Kahveci masaya çayları koydu, okey oynayanların taş seslerine kısa bir süre çay kaşığı sesleri eşlik etti. Adam çay ocağına dönmekte olan kahveciyi işaret ederek “O benim 180 derece zıttım” dedi. “Nasıl yani?” diye sordum. Anlattı kahvecinin nasıl biri olduğunu. Aslında kahveciyi iyi tanıyordum, sadece bir de onun anlatımıyla kahveci hakkında bilmediğim şeyler öğrenmek amacıyla onu dinledim. Gördüm ki kahveci hakkında bildikleri benim bildiklerimden azdı…
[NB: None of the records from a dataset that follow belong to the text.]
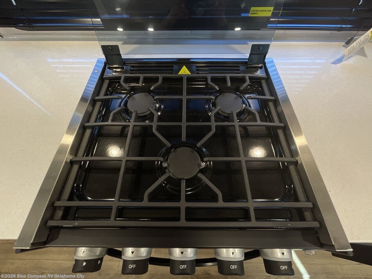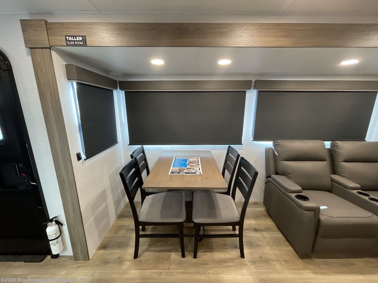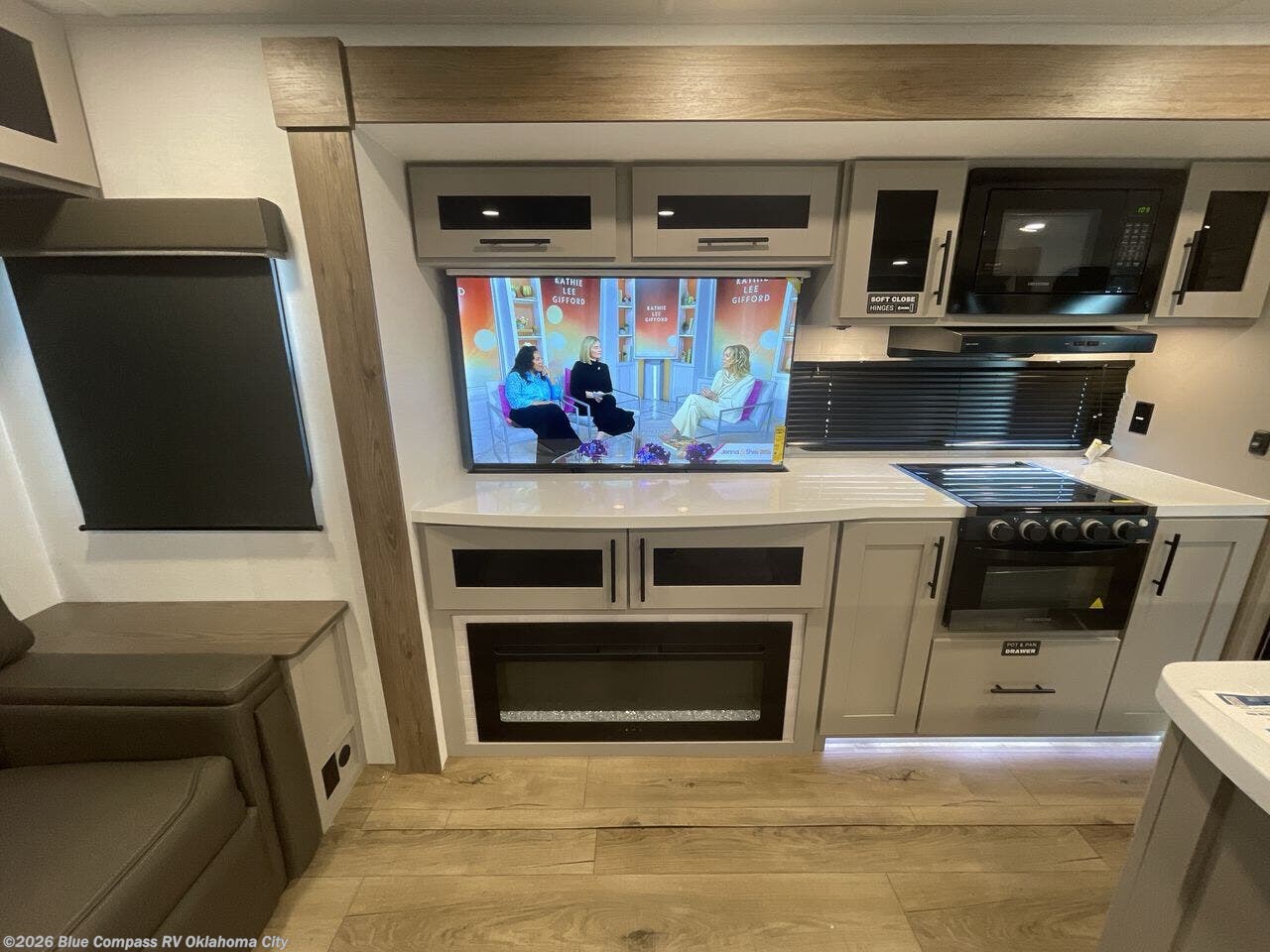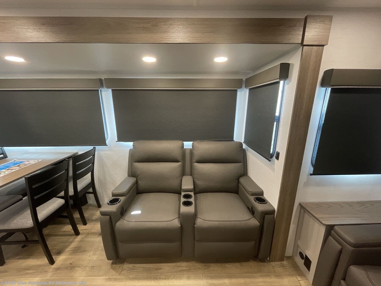 You will feel right at home camping in this travel trailer! The rear living area has a rear sofa and a set of theater seating conveniently across from the entertainment center with a 50" class HDTV above a pull-out fireplace storage for a cozy evening indoors. Prepare your best home cooked meals with the three burner cooktop, kitchen island which even has a tip-out trash can, and 10 cu. ft. 12V refrigerator. Enjoy your meals at the free standing dinette then either freshen up in the full bathroom with the 30" x 36" shower or head outside to relax under one of the two awnings. The front private bedroom has a queen bed for you to lay your head on at night and has wardrobe nightstands for your items!
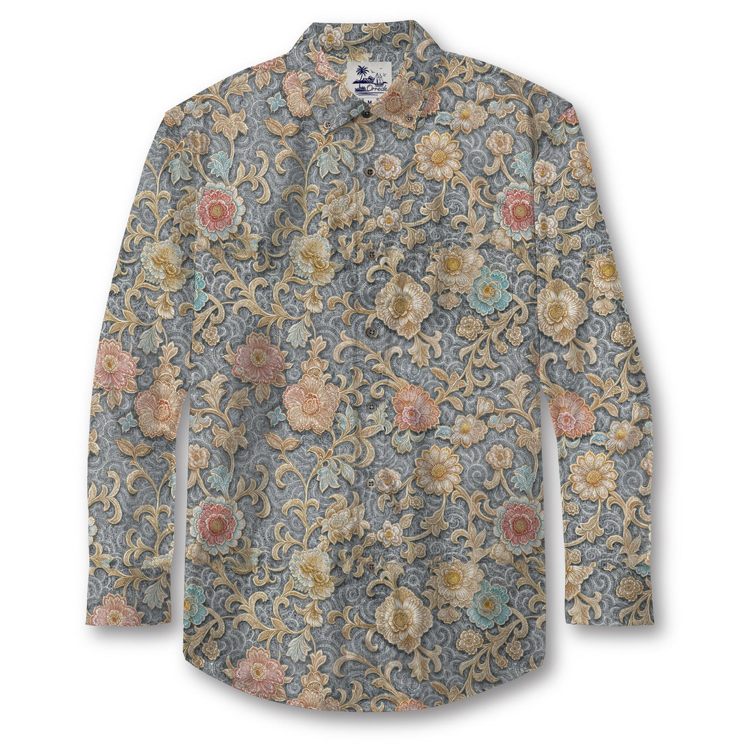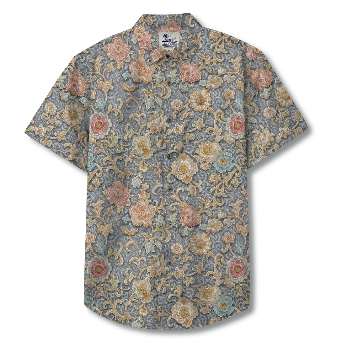 This intricate design evokes the elegance of traditional brocade textile art, blending ornate floral motifs with baroque scrollwork across a rich, slate-grey backdrop. The pattern features chrysanthemums, peonies, and plum blossoms in muted gold, coral, and powder blue tones, reminiscent of imperial Chinese or Persian tapestry work. Each bloom is carefully rendered with embroidered-like detailing, giving the shirt a timeless, regal quality. The flowing vines and symmetrical arrangements create a harmonious, almost meditative rhythm, echoing classical artistry passed down through dynasties.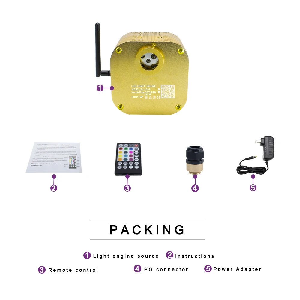 Чип CREE 16 Вт мерцающий RGBW светодиодный драйвер двигателя оптоволоконный источник света умный Bluetooth управление через приложение для всех оптоволоконных кабелей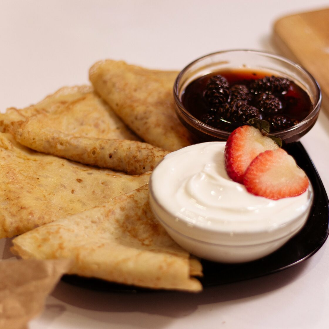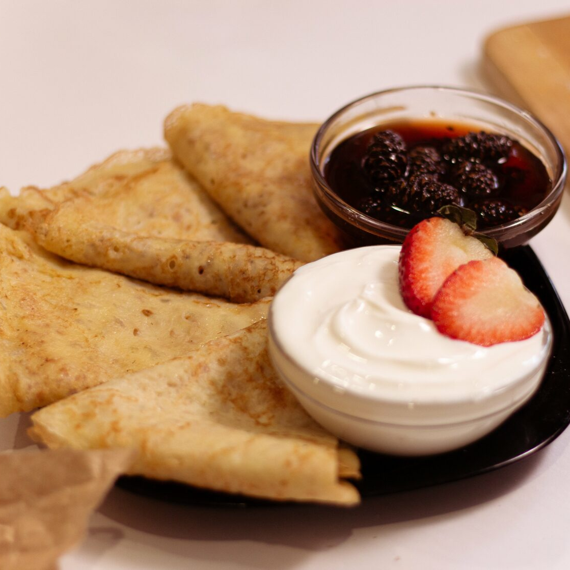 Подача. Подавать тонкие блинчики по этому рецепту лучше всего со сметаной или вареньем.

Kahveci elli beş yaşında, 1.85 boyunda, sportmen görünümlü, esmer, kıvırcık saçlı, dikkat çeken, gösterişli bir adamdı. İnşaat, tarım, yol veya başka zor işlerde çalışmış insanlarınki gibi avuçları nasırlaşmış, pütürlüydü. Görüntüsünü biraz bozan da bu avuç içleriydi. Servis yaparken en çok dik dik yürüyüşü dikkatimi çekerdi. Sabahları genellikle asabi ve gergindi, ilerleyen saatlerde yumuşardı. Onu morali yüksek, gülerek şarkı mırıldanırken gördüğüm bir sabah bayağı şaşırmıştım. Bunu hatırlattığımda “Benim moralimin yüksek olma süresi on beş dakikayı geçmez. Dingilin biri bir söz söyler veya uygunsuz bir davranışta bulunur, moralim hemen bozulur. Kahvecilik bildiğin gibi değil, zor iştir. Herkes yapamaz. Mecbur olmasam ben de yapmam, zaten kahveyi kafamdaki miktarı verecek birini bulursam devredeceğim” dedi. “Çocuk diyebileceğim genç yaşlarımdan beri inşaat işlerinde çalıştım, minibüs şoförlüğü dahil el emeği gerektiren başka işler de yaptım” diye ekledi. Bu nasırlaşmış avuçları için de bir açıklamaydı…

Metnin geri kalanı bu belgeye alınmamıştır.